Mikhail Kalugin , KALUGIN Top Combustion Solutions, Serbia

Co-Author:
Boris Prokofyev, KALUGIN JSC
Yury Murzin, KALUGIN JSC
Anton Subbotin, KALUGIN JSC
Sergey Ivlev, KALUGIN JSC

Abstract:
The global iron and steel industry is being impacted by a decline in steel demand and volatile situation in the global market of raw materials. Manufacturers are challenged to reduce the production cost of iron and steel by modernizing the existing production facilities in conditions of continuously growing requirements for provision of environmental measures. Iron and steel industry is considered as “dirty” production and many processes, including blast-furnace production, are sources of a big amount of combustion products and CO/NOx emissions. Many designs of hot stoves used for blast furnaces are not able to provide complete gas combustion during operation.
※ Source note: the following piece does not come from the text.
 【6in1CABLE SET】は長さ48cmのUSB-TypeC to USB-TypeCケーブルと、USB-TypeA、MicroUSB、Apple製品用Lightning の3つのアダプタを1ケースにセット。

On the contrary, top combustion stoves which have gained widespread use recently have proved its capability to remain environmentally “clean” during long-term operation. KALUGIN Company has developed and successfully implements top combustion hot blast stoves of its own design representing advanced and economically efficient technology meeting today’s high environmental requirements. Nowadays, modernization of existing stoves is being performed with different modernization options from replacement of existing burner design to full replacement of the stove. This paper gives a comprehensive assessment of various modernization options on the basis of such parameters as productivity, capital expenditures, project implementation period, reduction in CO and NOx emissions, which enables to choose the best option for modernization of existing facilities to improve productive efficiency and significantly reduce harmful emissions having adverse environmental impacts.
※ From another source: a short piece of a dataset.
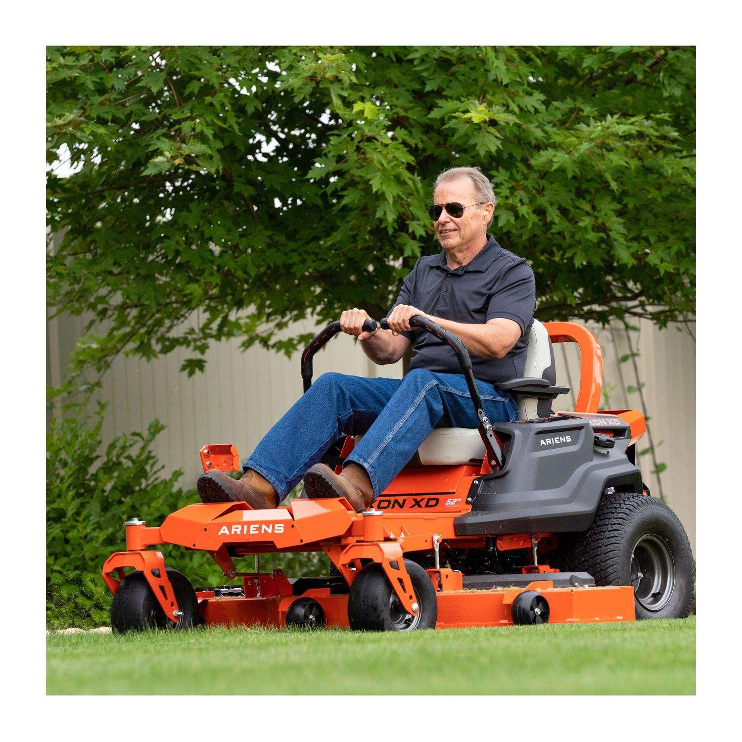 The Ariens IKON XD 52-in is packed with high end residential quality and offers superior power and performance. From a 23 HP Kawasaki FR V-Twin engine to a 11-gauge steel fabricated deck, this is a tougher, longer-lasting zero-turn mower built to perform. It's constructed with a heavy-duty fully welded steel tubular frame for years of durability and performance and is equipped with three blades covering a 52-in cutting width. Greater comfort is achieved with the high back plush seat, including standard armrests and ergonomic intuitive controls. Ariens puts a high priority on building low-maintenance machines incorporating our self-adjusting deck drive belt technology. We assess, scrutinize, improve, and test every last pin, bolt, and belt. From smarter, sustainable components, to durable, virtually indestructible designs, we’re known for consistently delivering an effortless ownership experience and standing the test of time.

Hiroaki Sumikawa, NIPPON STEEL ENGINEERING CO., LTD., Japan

Co-Author:
Yu Kurakake, NIPPON STEEL ENGINEERING CO., LTD.
Takashi Fukuoka, NIPPON STEEL ENGINEERING CO., LTD.
Hironobu Ishikawa, NIPPON STEEL ENGINEERING CO., LTD.

Abstract:
One of the effective ways to decrease coke consumption and reduce CO2 emissions is to increase the blast temperature, but SCC caused by NOx and limited heat resistance capability of checker support lead to limits in dome temperature and waste gas temperature, respectively and therefore maximum blast temperature is, in general, 1200℃. NSE developed low NOx burner and new checker support so that the temperature at dome can be increased by 30℃ and waste gas by 100℃, allowing higher blast temperature. In addition, downsizing reduced initial cost of the new or modification of hot stove. We have delivered 5 units of this type of hot stove to large blast furnaces in Japan, and they are currently in stable operation. Furthermore in combination with our Waste gas Heat Recovery System（WHRS）for Hot Stove, further reduction CO2 emissions can be realized. Our WHRS is of heat medium circulation type, and has characteristics that enable to control the recovered heat and also provide the flexibility to install the heat receiving unit and heating unit separately, resulting in advantage of ①High efficiency of heat recovery, ②High layout flexibility ③Easy maintenance. In this paper, we describe the performance and recently orders of this equipment.

Floris van Laar, Allied Mineral Products, Canada

Co-Author:
Robert Byerman, Cleveland-Cliffs Burns Harbor Inc.
Robert Hansen, Hansen Refractory Consulting Services
Floris van Laar, Allied Mineral Technical Services

Abstract:
This paper will discuss novel repair methods for refractory systems in Hot Blast Stoves. The failure of refractory systems in a fast-paced industry creates demand for reliable repairs that offer the shortest timeline. Therefore, innovative solutions must improve the refractory design and installation methods to repair older, traditional refractory systems promptly. An alternative design with monolithic materials was successfully implemented in 2020 and 2021 at stove D1 and D3, and currently stove C4 at Cleveland Cliffs Burns Harbor. Failure of the traditional (brick) hot stove refractory system led to the casting of a complete monolithic dome and large sections of the walls. A post-construction analysis will demonstrate the validity and feasibility of the design.